O abuso é filho natural e insidioso de outro costume danoso: o trabalho infantil, também considerado como “violência” na pesquisa da ONG americana. “Aspectos culturais tornaram essa prática de algum modo aceitável por muitas pessoas no Brasil”, diz o procurador Antônio de Oliveira Lima, especializado no tópico, que atua no Ceará. “O trabalho de menores é também uma agressão.” Lima sabe o que diz. Natural de Morada Nova, município do interior cearense, ele começou a trabalhar aos 9 anos na roça. Seu pai era agricultor e plantava feijão e milho, e Lima lidava tanto com o plantio quanto com a colheita. Era a única opção para ele, que não tinha noção exata do que se passava e nunca chegou a questionar o pai sobre sua condição. Sabia das dificuldades por enxergar ao redor o drama de outras famílias. A dolorosa experiência na infância levou-o a criar, há dez anos, o Programa de Educação contra a Exploração do Trabalho da Criança e do Adolescente, conhecido como Peteca, de atuação no Nordeste.

No papel, os jovens brasileiros são protegidos pelo Estatuto da Criança e do Adolescente, de 1990, e por leis complementares, como a da Palmada e a Joanna Maranhão. Até os 13 anos, não se aceita o trabalho infantil em nenhuma hipótese. Entre os 14 e os 16, apenas na modalidade aprendiz. Entre os 16 e os 18, é proibido o trabalho noturno e em condições perigosas ou insalubres.

Nas últimas três décadas, foi esse amparo legal que levou à redução de alguns dos abusos. Por exemplo, entre 2004 e 2015 o trabalho infantil caiu pela metade no Brasil, de 5,3 milhões para 2,7 milhões de casos. O Nordeste teve a maior redução no período, com 59% de diminuição, contra 38% no Sudeste, onde o crime predomina em atividades como comércio e indústria, além da lida doméstica — 150 000 domicílios são cuidados por crianças.

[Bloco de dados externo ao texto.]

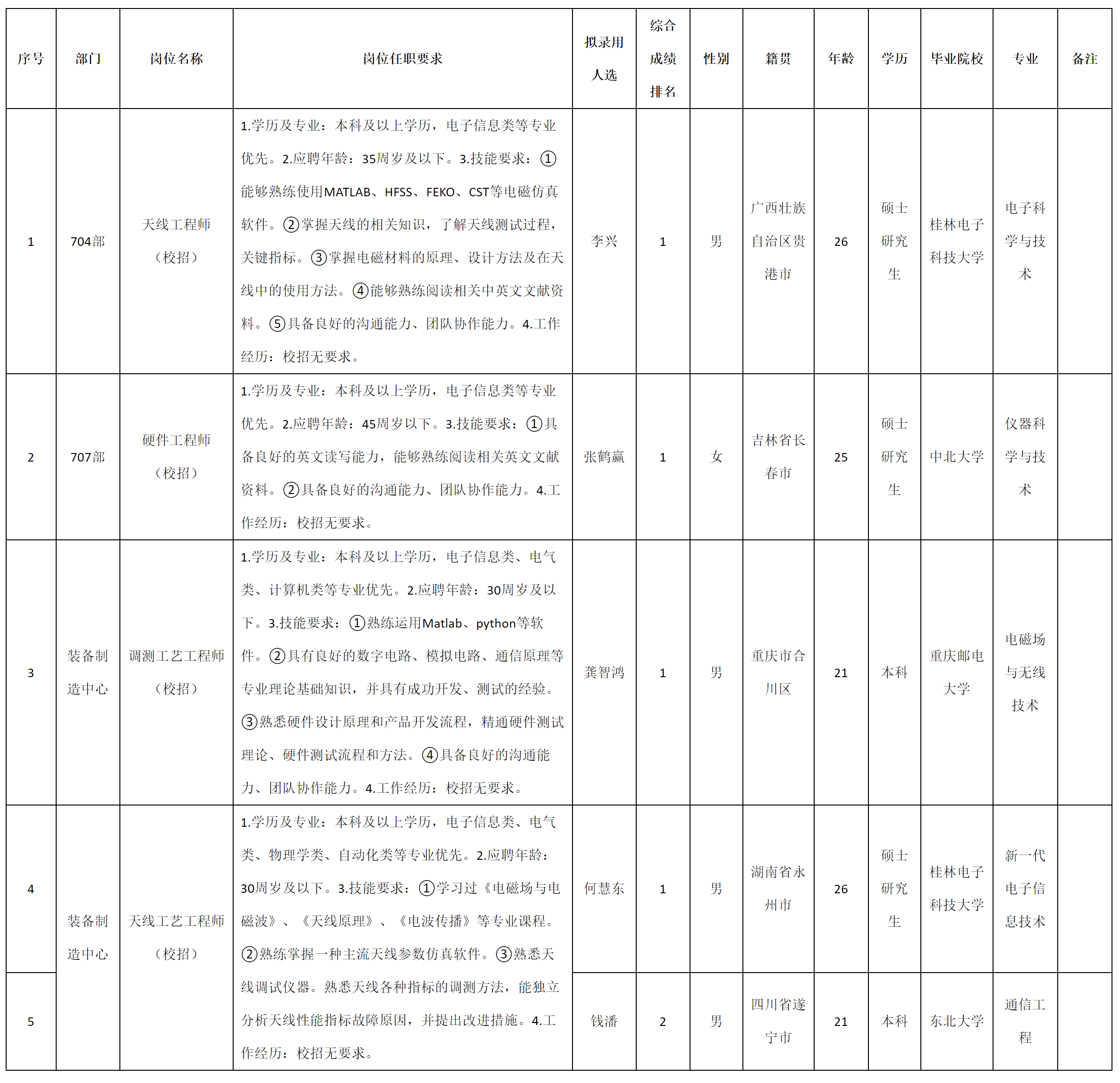 根據(jù)四川九洲電器集團(tuán)有限責(zé)任公司發(fā)布的招聘公告及招聘相關(guān)規(guī)定,經(jīng)測(cè)試、考察、體檢等程序,擬錄用李興等5名同志到四川九洲電器集團(tuán)有限責(zé)任公司工作,現(xiàn)予以公示,具體情況如下:
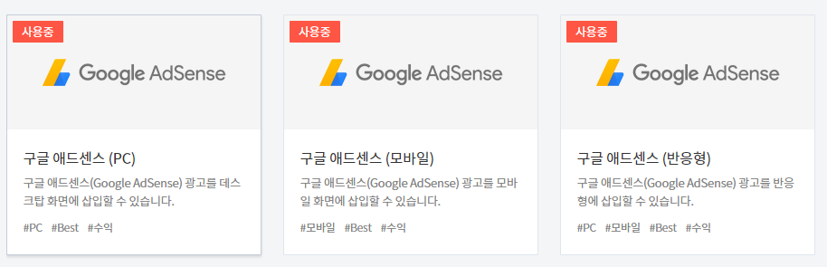 이제 광고를 넣기 위해서 관리-플러그인에 들어가서 pc,모바일,반응형 3가지에 코드를 입력한다.
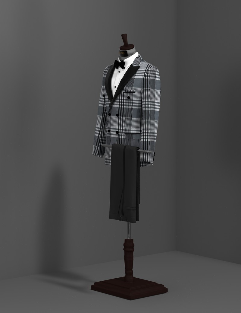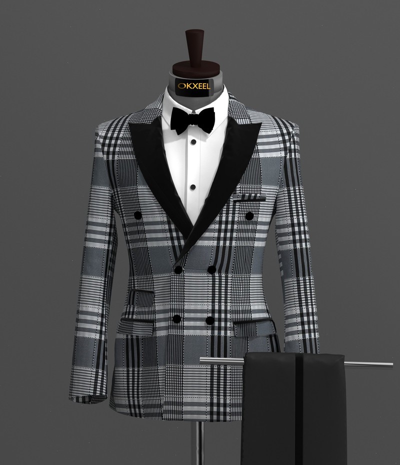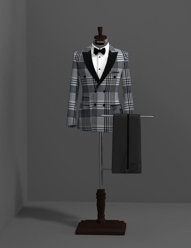 BLACK-WHITE JACQUARD DOUBLE BREASTED SUIT......................BEST SELLER
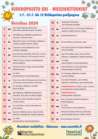 Musiikkia Sirkka Linneasta ja Elvis-gospelista jazziin, vanhaa tanssimusiikkia, harmonikansoittoa, bluesia ja muuta mukavaa musiikkia Naantalin Kirkkopuiston musiikkipaviljongilla. Vapaa pääsy. Säävaraus. pvm esiintyjä ma 1. 7. Duo Daniel Sjöroos & Amanda Männikkö, letkeää kevyttä musiikkia niin nykypäivän tuotannosta kuin takavuosiltakin ti 2. 7. Musiikkikoulu Mäkikalli oppilaineen teemalla "Elämäni laulu" ke 3. 7. Moonshine Duo, Ari Ainasoja, öljykannu-ukulele ja Sakari Kivinen, dobro to 4. 7. Naantalin Harmonikkakerho Toni Perttulan johdolla pe 5. 7. Sami Nieminen & Markku Ahlstrand, hurmurikanttori ja kirkkoherra Elvis-gospelin parissa la 6. 7. Tiikerin vuosi, nuorten ammattilaisten kaihorockbändin soundi on sekoitus suomirockin kuusenkerkkiä ja countrypölyä Amerikan valtateiltä su 7. 7. Semites ja Tiina Uutela, tanssimusiikkia laidasta laitaan ma 8. 7. Iris Valin, kansainvälinen harmonikkataituri ti 9. 7. Kelpo Duo, Aleksi Wirkberg, Kauko Hyvärinen, vanhempaa tanssimusiikkia ja iskelmää ke 10. 7. Ari Ainasoja, öljykannu-ukulele, Roots & Blues to 11. 7. Musiikkikoulu Mäkikalli oppilaineen teemalla "Kun taas on aika auringon" pe 12. 7. Trio Topi Luoma, kevyttä ja reipasta rokista valssiin, Vesa Ranki, koskettimet ja laulu, Jari Anttila, bassokitara ja laulu, Matti Ylevä, rummut ja laulu la 13. 7. Sun City Blues, bluesin klassikoita ja omia biisejä, Harri Laakso, laulu ja kitara, Ilkka Reima, soolokitara, Pekka Korhonen, basso ja Kimmo Lilja, rummut su 14. 7. Duo Jere Vilkkinen, laulu ja kitara, Elina Ukkonen, koskettimet, kesäistä iskelmämusiikkia ma 15. 7. Iris Valin, kansainvälinen harmonikkataituri ti 16. 7. Naantalin Pelimannit Toni Perttulan johdolla ke 17. 7. Moonshine Duo, Ari Ainasoja, öljykannu-ukulele ja Sakari Kivinen, dobro to 18. 7. Matti Mäntylä, laulu & Jukka Miikkulainen, kitara pe 19. 7. Prinssi Rohkea ja Erämaan Rotat la 20. 7. Tanssimusiikkiduo Daniel Sjöroos ja Seppo Mäkikalli su 21. 7. Duo Terhi Jokila, laulu ja Elina Ukkonen, koskettimet, kesäistä iskelmämusiikkia ma 22. 7. Iris Valin, kansainvälinen harmonikkataituri ti 23. 7. Sami Nieminen, Hurmurikanttori, rakkauslauluja ja iskelmää ke 24. 7. Ari Ainasoja, öljykannu-ukulele, Country & Blues to 25. 7. Kalle Niittynen & Veikka Kajamies Duo, saksofonisti Kalle Niittynen ja pianisti Veikka Kajamies hyppäävät jazzin pyörteisiin herättäen henkiin liudan parhaita jazz-standardeja pe 26. 7. Tiikerin vuosi unikeon lavalla, nuorten ammattilaisten kaihorockbändin soundi on sekoitus suomirockin kuusenkerkkiä ja countrypölyä Amerikan valtateiltä la 27. 7. unikeonpäivän ohjelmaa unikeon lavalla su 28. 7. Sandria Haapala & Veikka Kajamies Duo, laulaja Sandria Haapala ja pianisti Veikka Kajamies yhdistävät voimansa vieden kuulijansa viihdyttävän inspiroivalle matkalle parhaiden jazz- ja soul-biisien maailmaan. Vallis Gratiae -yhdistyksen kanssa yhteistyössä ma 29. 7. Iris Valin, kansainvälinen harmonikkataituri ti 30. 7. Poikonen Viitanen Revival, vaakunnan parasta kotimaista rytmimusiikkia kolmen solistin voimin. Jaska Poikonen - laulu ja kitarat, Kotton Viitanen - laulu ja basso, Olli Toivonen - laulu, kitara ja kosketinsoittimet, Heikki Räisänen - rummut ke 31. 7. Tanssiorkesteri Extreme Liitteet
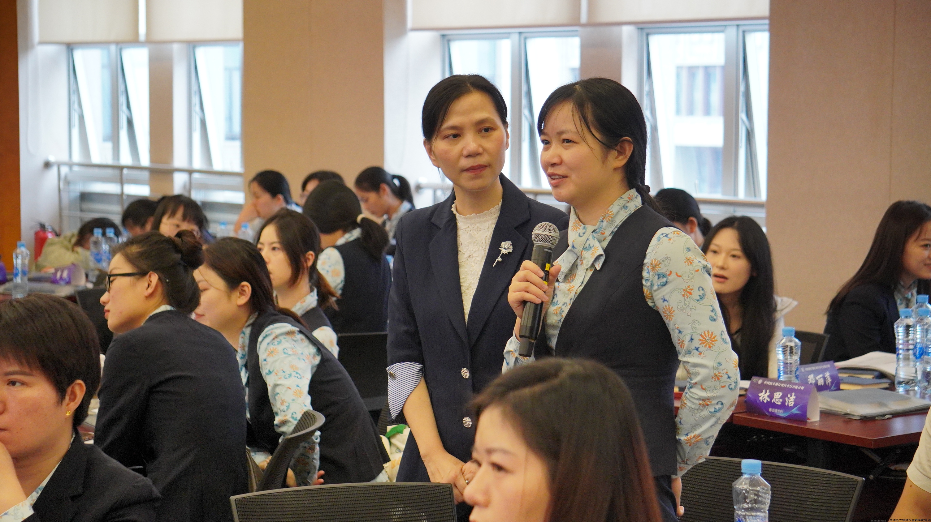 在授课过程中,钱颖教授指出,管理沟通的本质是换位思考,唯有先“礼”后“理”,以礼相待,积极克服沟通障碍,才能够为客户提供更加优质、高效的金融服务。通过生动有趣的专业讲解,钱颖教授还提出“三明治法”“刺猬法则”“职场用语软垫式”等客观实用的服务法则,提升了学员们的参与热情,获得学员一致认可与好评。
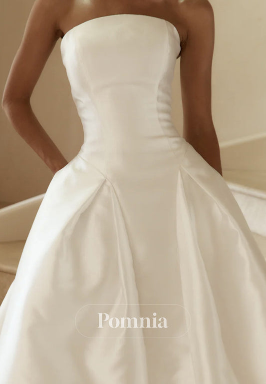 Charming A-Line Sleeveless Strapless Pearls Satin Wedding Dress
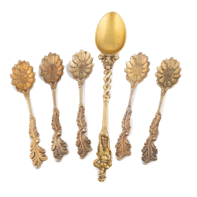 flower head and shell bowls, foliate handles, plus a Victorian silver-gilt spoon, by Henry Holland, London 1871, with a warrior finial, approx. total weight 3.6oz. (6)
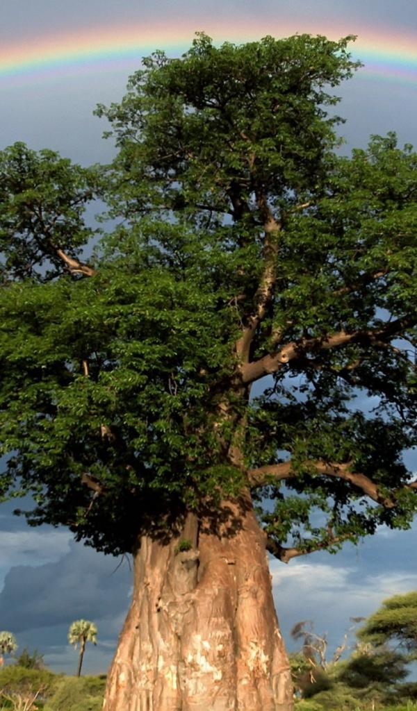 Wallpaper Rainbow over a thick tree
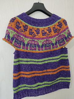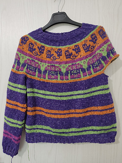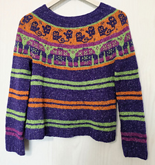 This sweater is worked seamlessly from the top down. Short rows are added to shape the neckline and the stranded yoke is worked. The sleeves and body are separated and worked in the round.
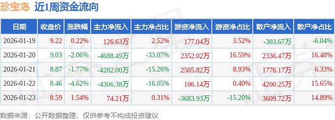 资金流向数据方面,本周珍宝岛主力资金合计净流出1.31亿元,游资资金合计净流入1457.08万元,散户资金合计净流入1.16亿元。本周资金流向一览见下表:
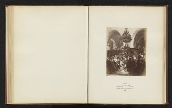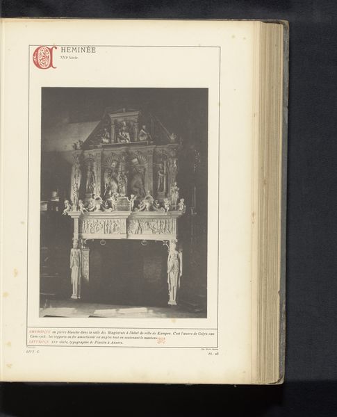 Editor: This is a photograph of the fireplace in Kampen’s Town Hall, dating from before 1894. It's from the Rijksmuseum collection, taken by an anonymous artist. It's incredibly detailed, almost overwhelmingly so. What do you make of it? Curator: The photograph, focusing as it does on line, form, and the tonal range from light to dark, emphasizes the structure and sculptural qualities of the fireplace itself. Notice the geometric shapes--the rectangles, the squares, the curves--and how they interact. Editor: I do see that contrast. But what about all the tiny figures? Curator: They are part of the overall composition, certainly. They create a visual texture. What is important to me as a formalist are the relationships between the elements: how the lines direct the eye, how the shapes interact to create balance or tension. Editor: I see. So, the figures aren’t important on their own, it is how they fill the shape they're in that interests you. Curator: Precisely. And consider the use of light and shadow. How does the photographer utilize these to define the architectural forms and draw our attention to certain areas of the fireplace? What impact does it have? Editor: The shadows definitely add depth and bring out all of the tiny carvings on the stone, but at the same time create areas I struggle to make out properly. Curator: Indeed. A question of clarity and obscurity. Formally, how does the interplay create dynamism? It is also essential to ask: what does this piece tell us about the nature of photography itself as a means of capturing and interpreting three-dimensional space? Editor: This way of thinking really pulls you into the shapes and relationships within the image, but I am still thinking about the subject and history depicted in those shapes. Curator: Perhaps this tension, between form and content, is precisely where the artwork’s power resides.
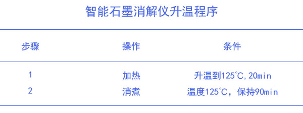 準(zhǔn)確量取0.25g(過(guò)100目篩)土壤樣品于50mL聚四氟乙烯消解管中,加入1mL硝酸溶液、1mL鹽酸溶液及2mL氫氟酸于消解儀中,同時(shí)蓋上蓋子,置于智能石墨消解儀的石墨孔中加熱消解,通過(guò)無(wú)線遠(yuǎn)程平板上的APP預(yù)先設(shè)置程序進(jìn)行消解(消解程序見下列表)。消解樣品程透明狀態(tài),開蓋,稍冷,然后定容至50mL。將得到的澄清液稀釋10倍作為液體樣品,待上機(jī)測(cè)定。同時(shí)做空白樣品試驗(yàn)。
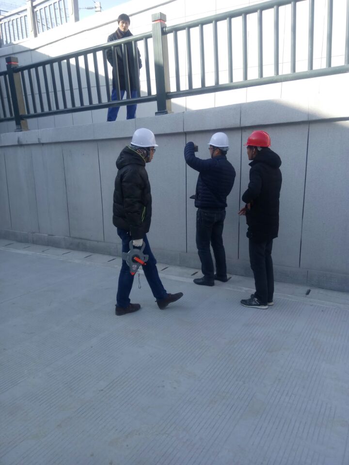 12月17日上午九点,巿科晶建设有限公司质检站检查组,在组长谢爱军的带领下来到陇海线沙集道口平改立工程现场,对主体工程的挡墙厚度和水泥混凝土路面平整度进行通车前的检查测量。
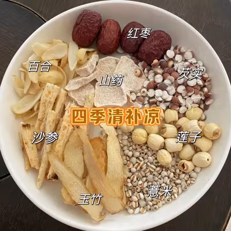食材:沙參、玉竹、蓮子、百合、薏米、芡實、山藥、紅棗

Uma violência que se soma a muitas outras que acometem os jovens brasileiros. Mais alguns números vexaminosos: 70% dos casos de assédio sexual têm como alvo essas vítimas; 68% das 27 704 denúncias de crimes contra menores no país são relacionadas ao tipo mais escabroso de agressão, a física, que engloba atrocidades como cárcere privado e homicídio. Afirmou Karina Lira, da Visão Mundial: “Governos, famílias, igrejas e ONGs precisam trabalhar em conjunto contra essa crueldade. Não existe solução fácil. É fundamental compreender que só o investimento nessa batalha garantirá um futuro melhor”.